On 24 Aug 2011, at 17:34, James Higham wrote:

> Dear MCMCglmm users,
>
> I have been playing with MCMCglmm for days and have got one or two
> things that I am confused about. I am new both to MCMCglmm, but also  
> to
> MCMC methods more generally. I do not have access to a statistician  
> for
> further advice and would be extremely grateful to anyone who might be
> kind enough to spare some time to offer any.
>
> Briefly, my data are in the form of behavioural data counts for
> different days during primate female reproductive cycles. There are
> multiple days of observation for each cycle (so multiple  
> observations of
> the same female within a cycle) with a total of 31 different female
> cycles. These females come from multiple social groups. I want to
> undertake univariate mixed models to investigate how the count of a
> given behaviour (e.g. MatingCount) offset for the number of  
> observation
> scans undertaken on that day (offset response variable) may be related
> to factors such as cyclephase (fertile, pre-fertile, post-fertile,
> measured hormonally, fixed) and cycletype (conceptive vs  
> nonconceptive,
> fixed), while controlling for having multiple days from the same  
> female
> cycles (FemaleID, random) and multiple females from the same social
> groups (Group, random). Some response variables are zero-inflated  
> (e.g.
> females don’t mate at all on most days of the cycle) and as it’s not
> clear whether the sources of all zeros are the same for all  
> individuals
> (e.g. low ranking females may want to mate on more days of the cycle
> than they do but are excluded from doing so by high ranking females)

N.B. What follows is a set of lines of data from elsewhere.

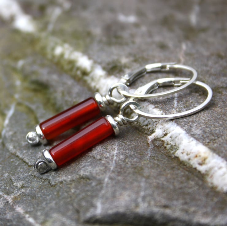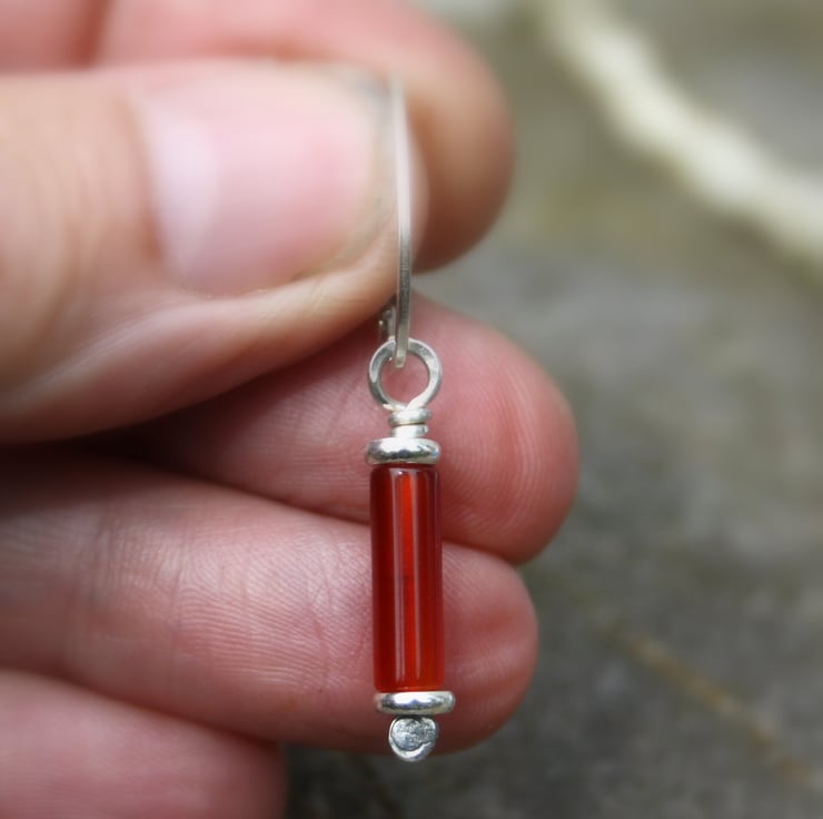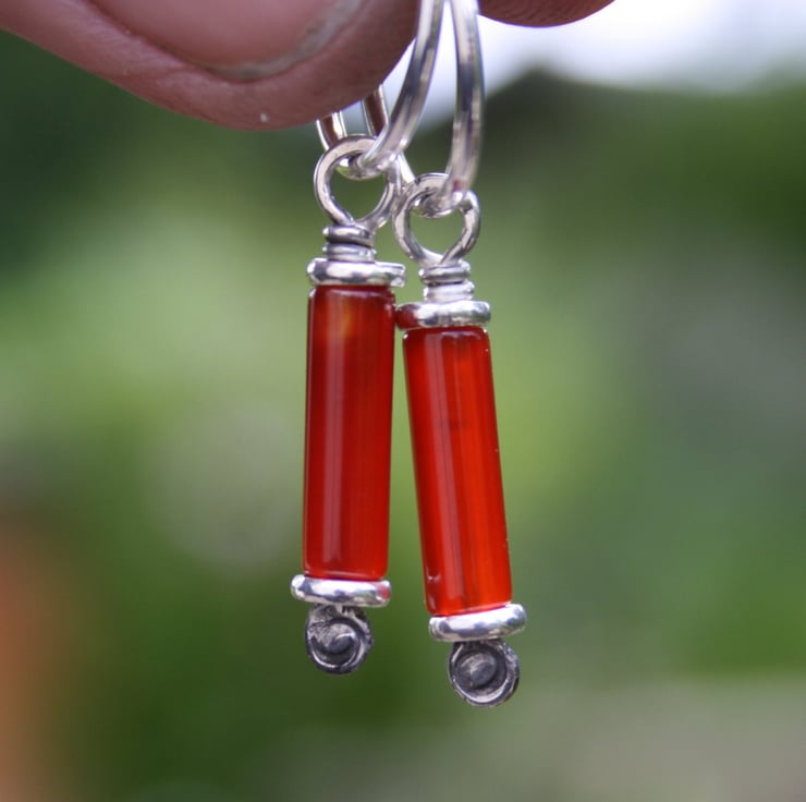Forged sterling silver pins have been threaded through 5mm silver washer beads and juicy carnelian tubes.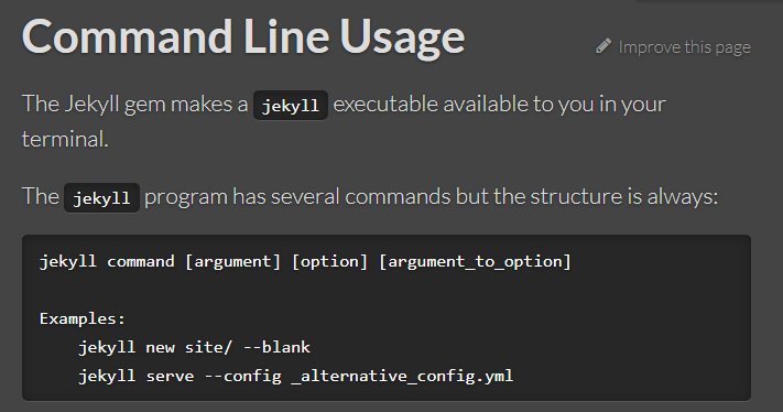 No more databases, comment moderation, or pesky updates to install, just your content. Markdown, Liquid, HTML & CSS go in. Static sites come out ready for deployment. Permalinks, categories, pages, posts, and custom layouts are all first-class citizens here. Sick of dealing with hosting companies? GitHub Pages are powered by Jekyll, so you can easily deploy your site using GitHub for free, custom domain name and all. Jekyll is a static site generator. It takes text written in your favorite markup language and uses layouts to create a static website. You can tweak the site’s look and feel, URLs, the data displayed on the page, and more. The Jekyll gem makes a jekyll executable available to you in your terminal. Typically you’ll use jekyll serve while developing locally and jekyll build when you need to generate the site for production. To change Jekyll’s default build behavior have a look through the configuration options.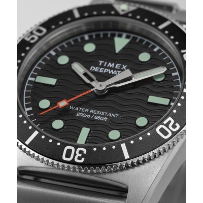 Questo orologio Timex ha una cassa in Inox con un diametro di 40 mm ed è dotato di un cinturino in Inox. All'interno della cassa si trova un movimento di Timex e l'orologio è dotato di un cristallo di Zaffiro.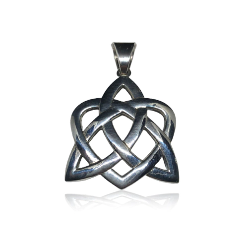 La triqueta o triquetra, más tarde llamada también triquel, es un símbolo de origen indoeuropeo que alude a la triple dimensión. También simboliza la vida, la muerte y el renacimiento. Se ha encontrado principalmente en estelas celtas, en runas vikingas y en ollas y vasijas romanas.En este diseño también se añade un Corazón entrelazado a la Triqueta.Dije elaborado en Plata Alemana (Alpaca), Bronce o Plata 925 a elección.Medida: 4,5mc x 3cmPeso: 10,2gr (Plata)(OPCIONAL): Cadena de Acero Quirúrgico y cadena bañada en Oro para la versión en Bronce dorada (mayor valor).
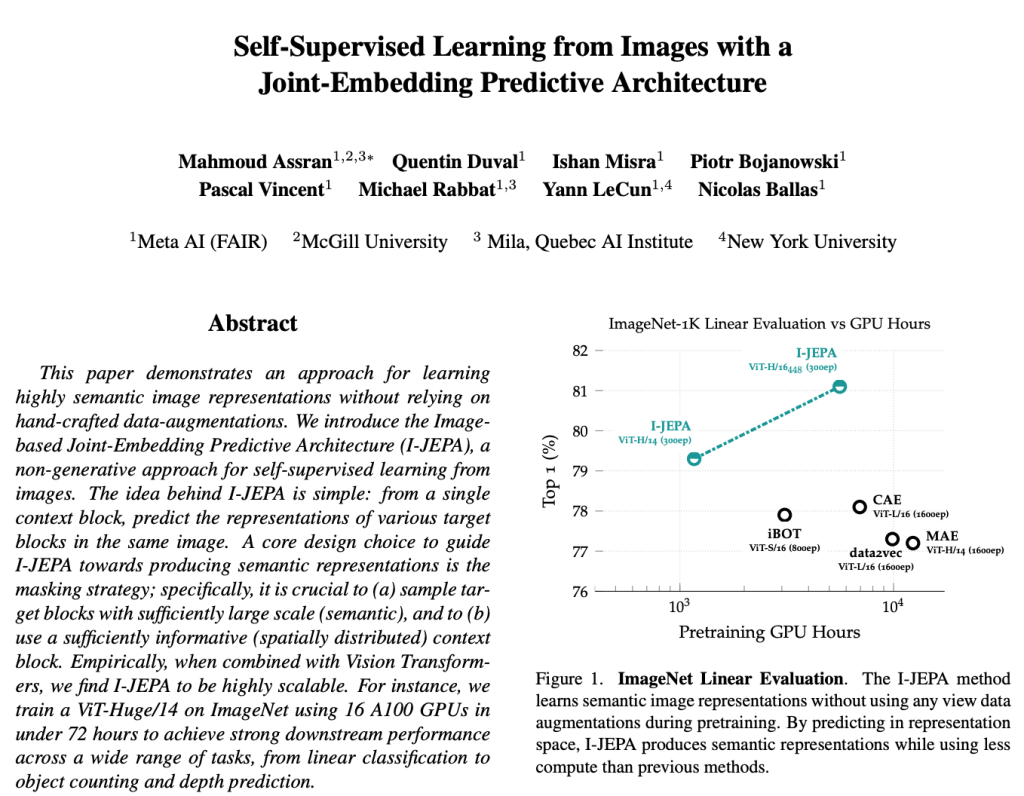 智东西6月14日报道,今日凌晨,Meta宣布推出首个“类人(human-like)”AI模型I-JEPA。这是第一个基于Meta首席AI科学家杨立昆(Yann LeCun)愿景关键组成部分的AI模型,据称能比现有模型更准确地分析和完成未完成的图像。在上周举办的背景智源大会上,杨立昆在发表致辞演讲时斗志昂扬地驳斥了GPT的逻辑,说自回归模型没有规划、推理的能力,单纯根据概率生成自回归的大语言模型从本质上根本解决不了幻觉、错误的问题,并给出了他认为的正确答案——世界模型。杨立昆去年提出了一种新的架构,旨在克服当今最先进的AI系统的关键限制。他的愿景是创造出能够学习世界如何运作的内部模型的机器,这样它们就可以更快地学习,计划如何完成复杂的任务,并随时适应不熟悉的情况。基于LeCun愿景关键组成部分,今日发布的图像联合嵌入预测架构(I-JEPA),通过创建外部世界的内部模型来学习,该模型比较图像的抽象表示(而不是比较像素本身)。I-JEPA在多个计算机视觉任务上提供了强大的性能,并且比其他广泛使用的计算机视觉模型的计算效率高得多。I-JEPA学习的表示也可以用于许多不同的应用程序,而不需要进行大量的微调。例如,Meta研究人员在72小时内使用16个A100 GPU训练了一个拥有6.32亿个参数的视觉Transformer模型,并且它在ImageNet上实现了最先进的少样本分类性能,每个类只有12个标记示例,其他方法通常需要2到10倍以上的GPU时,并在使用相同数量的数据进行训练时获得更低的错误率。I-JEPA相关论文将在下周的CVPR 2023上发表,训练代码和模型检查点的源代码已开放。![]()

> zero-inflated poisson models seem appropriate.
>
>
> I have the following model structure following previous posts
>
>
> (e.g.
> https://stat.ethz.ch/pipermail/r-sig-mixed-models/2009q2/002283.html)
>
>
>
> zip1<-MCMCglmm(MatingCount~offset(Obstime)+trait+trait:cyclephase 
> +trait:cycletype-1,random=~idh(trait):FemaleID 
> + 
> idh 
> (trait 
> ):Group 
> ,prior 
> = 
> prior 
> ,thin 
> = 
> 10 
> ,nitt 
> =100000,rcov=~idh(trait):units,pl=TRUE,family="zipoisson",data=data)
>
> I have followed previous threads (e.g.
> https://stat.ethz.ch/pipermail/r-sig-mixed-models/ 
> 2011q1/005546.html) in
> setting the priors as
>
>
> prior <- list(R=list(V=diag(2),n=2), G=list(G1=list(V=diag(2), n=2),
> G2=list(V=diag(2), n=2)))
>
> This is producing models that appear to have good mixing (from plots,
> Geldman diagnostic showing all point est. 1.01-1.02).
>
>
> Here are example results for “ConsortCount”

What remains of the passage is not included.